+++ Data for processing +++

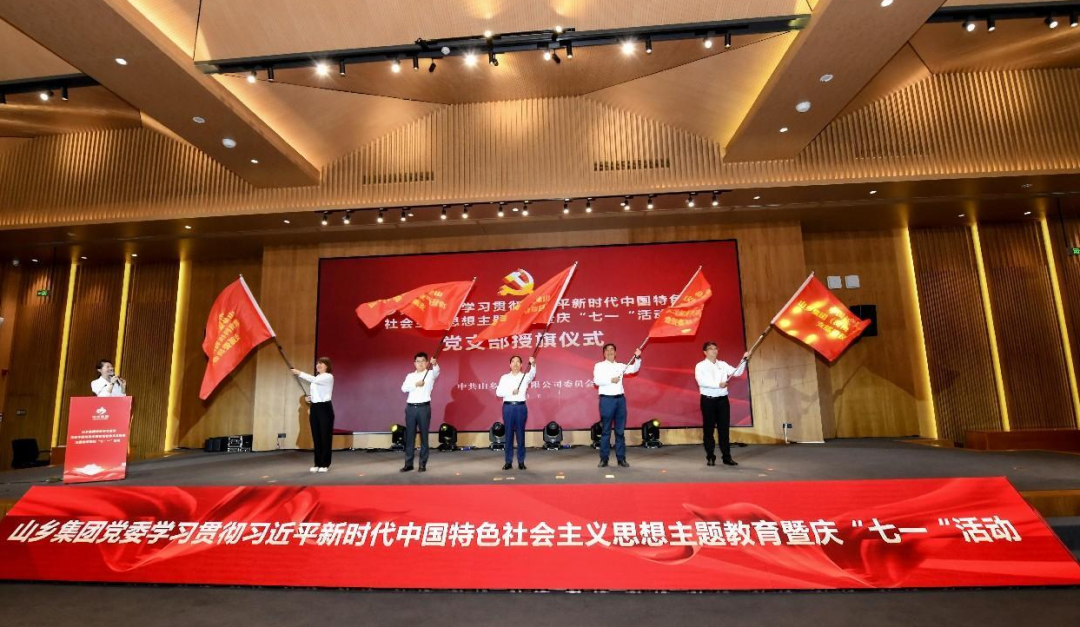會上,與會領(lǐng)導(dǎo)共同上臺發(fā)布山鄉(xiāng)集團(tuán)“山鄉(xiāng)情·映山紅”黨建品牌。
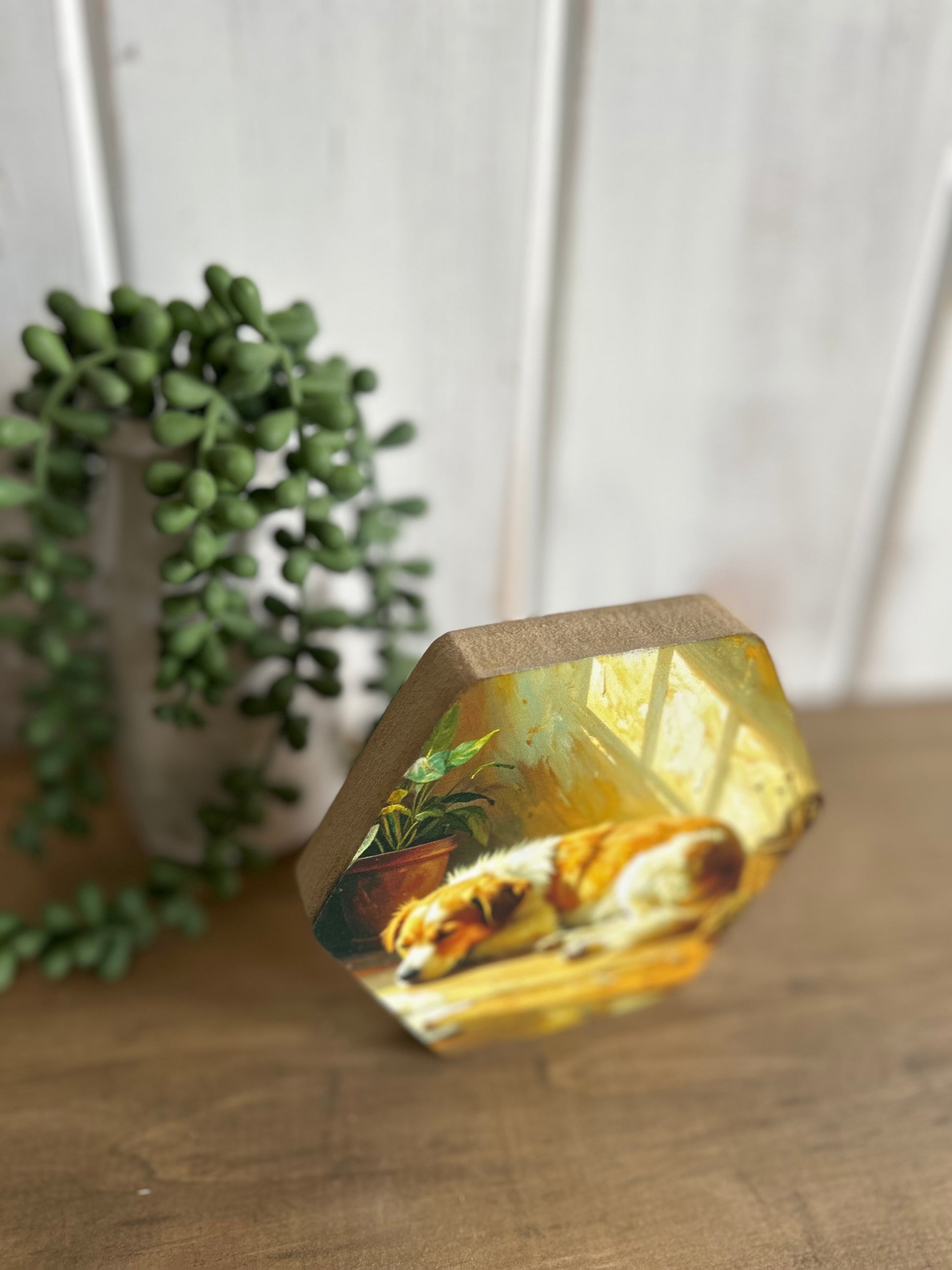 Dog Napping - Rustic Spring Decor Hexagon Wood Sign
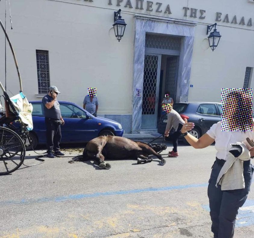 Ζάκυνθος – Άλλο ένα άλογο σωριάστηκε στο έδαφος, έξω από την εθνική τράπεζα..
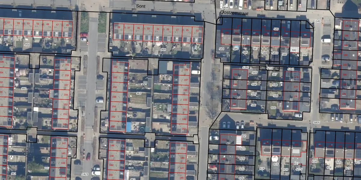 Het perceel waarop Oostzeestraat 195 staat heeft een oppervlakte van 2149 m². Dit is een zeer groot perceel. De perceeloppervlakte wordt geregistreerd door het Kadaster. Gedetailleerde informatie over de maten van dit perceel kunt u vinden in het rapport Kadastrale kaart met maatvoering van Oostzeestraat 195.
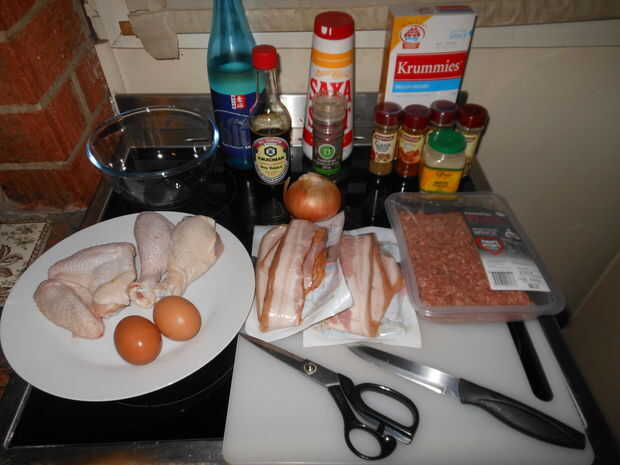 2) las alas o muslos de pollo
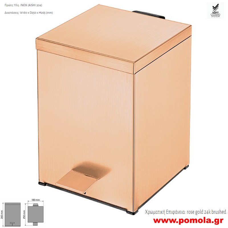 Κωδικός: 00142693645 Χαρτοδοχείο τετράγωνο 5 λίτρων με soft close σε χρώμα ρόζ χρυσό ματ 24 καρατίων
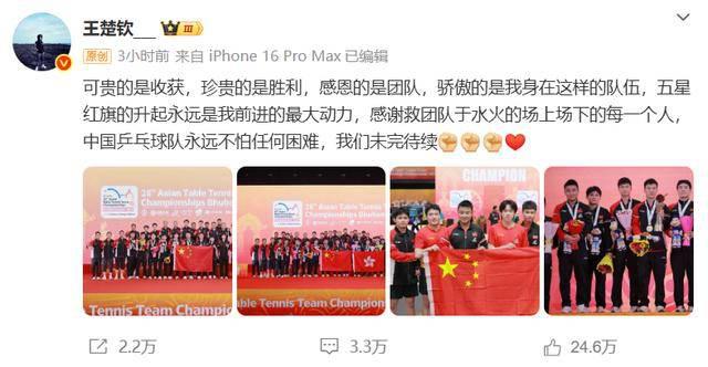 王楚欽在發(fā)文中特別感恩團(tuán)隊(duì),稱(chēng)“驕傲的是我身在這樣的隊(duì)伍”。這種團(tuán)隊(duì)意識(shí)也是他克服疲憊的重要力量。在本屆亞錦賽上,中國(guó)男團(tuán)派出了王楚欽、林詩(shī)棟、梁靖崑、向鵬和周啟豪的陣容,這是一支新老結(jié)合的隊(duì)伍,既有世界頂級(jí)的實(shí)力派,又給了年輕人鍛煉機(jī)會(huì),團(tuán)隊(duì)協(xié)作精神在這場(chǎng)比賽中得到充分體現(xiàn);女團(tuán)同樣出色,由孫穎莎、王曼昱、陳幸同、蒯曼和王藝迪領(lǐng)銜的隊(duì)伍,在決賽中與日本隊(duì)激戰(zhàn),孫穎莎賽后發(fā)文表示:“大家齊心協(xié)力共同捍衛(wèi)了國(guó)乒的榮譽(yù)”。
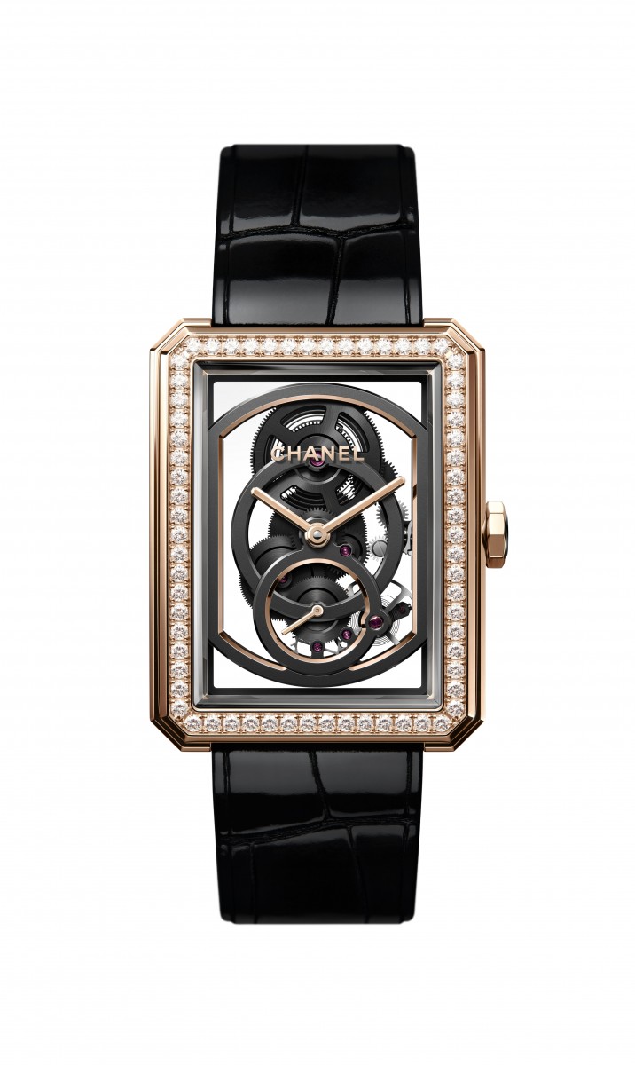 香奈兒於2015年推出的BOY∙FRIEND腕錶,首次搭載高級製錶鏤空機芯Caliber 3。歷經三年研發,品牌的第三枚自製機芯設計從任何角度賞析皆無懈可擊。一連串連接垂直輪系結構,懸浮於八角形BEIGE米色金錶殼中。鏡面拋光的BEIGE米色金凸顯機芯的層次,黑色錶橋則展現了機芯律動之美。

+++

- [To do]:
Only the records themselves, retyped exactly, belong in the answer; please leave all images behind.

- [Output of the task]:
會上,與會領(lǐng)導(dǎo)共同上臺發(fā)布山鄉(xiāng)集團(tuán)“山鄉(xiāng)情·映山紅”黨建品牌。
 Dog Napping - Rustic Spring Decor Hexagon Wood Sign
 Ζάκυνθος – Άλλο ένα άλογο σωριάστηκε στο έδαφος, έξω από την εθνική τράπεζα..
 Het perceel waarop Oostzeestraat 195 staat heeft een oppervlakte van 2149 m². Dit is een zeer groot perceel. De perceeloppervlakte wordt geregistreerd door het Kadaster. Gedetailleerde informatie over de maten van dit perceel kunt u vinden in het rapport Kadastrale kaart met maatvoering van Oostzeestraat 195.
 2) las alas o muslos de pollo
 Κωδικός: 00142693645 Χαρτοδοχείο τετράγωνο 5 λίτρων με soft close σε χρώμα ρόζ χρυσό ματ 24 καρατίων
 王楚欽在發(fā)文中特別感恩團(tuán)隊(duì),稱(chēng)“驕傲的是我身在這樣的隊(duì)伍”。這種團(tuán)隊(duì)意識(shí)也是他克服疲憊的重要力量。在本屆亞錦賽上,中國(guó)男團(tuán)派出了王楚欽、林詩(shī)棟、梁靖崑、向鵬和周啟豪的陣容,這是一支新老結(jié)合的隊(duì)伍,既有世界頂級(jí)的實(shí)力派,又給了年輕人鍛煉機(jī)會(huì),團(tuán)隊(duì)協(xié)作精神在這場(chǎng)比賽中得到充分體現(xiàn);女團(tuán)同樣出色,由孫穎莎、王曼昱、陳幸同、蒯曼和王藝迪領(lǐng)銜的隊(duì)伍,在決賽中與日本隊(duì)激戰(zhàn),孫穎莎賽后發(fā)文表示:“大家齊心協(xié)力共同捍衛(wèi)了國(guó)乒的榮譽(yù)”。
 香奈兒於2015年推出的BOY∙FRIEND腕錶,首次搭載高級製錶鏤空機芯Caliber 3。歷經三年研發,品牌的第三枚自製機芯設計從任何角度賞析皆無懈可擊。一連串連接垂直輪系結構,懸浮於八角形BEIGE米色金錶殼中。鏡面拋光的BEIGE米色金凸顯機芯的層次,黑色錶橋則展現了機芯律動之美。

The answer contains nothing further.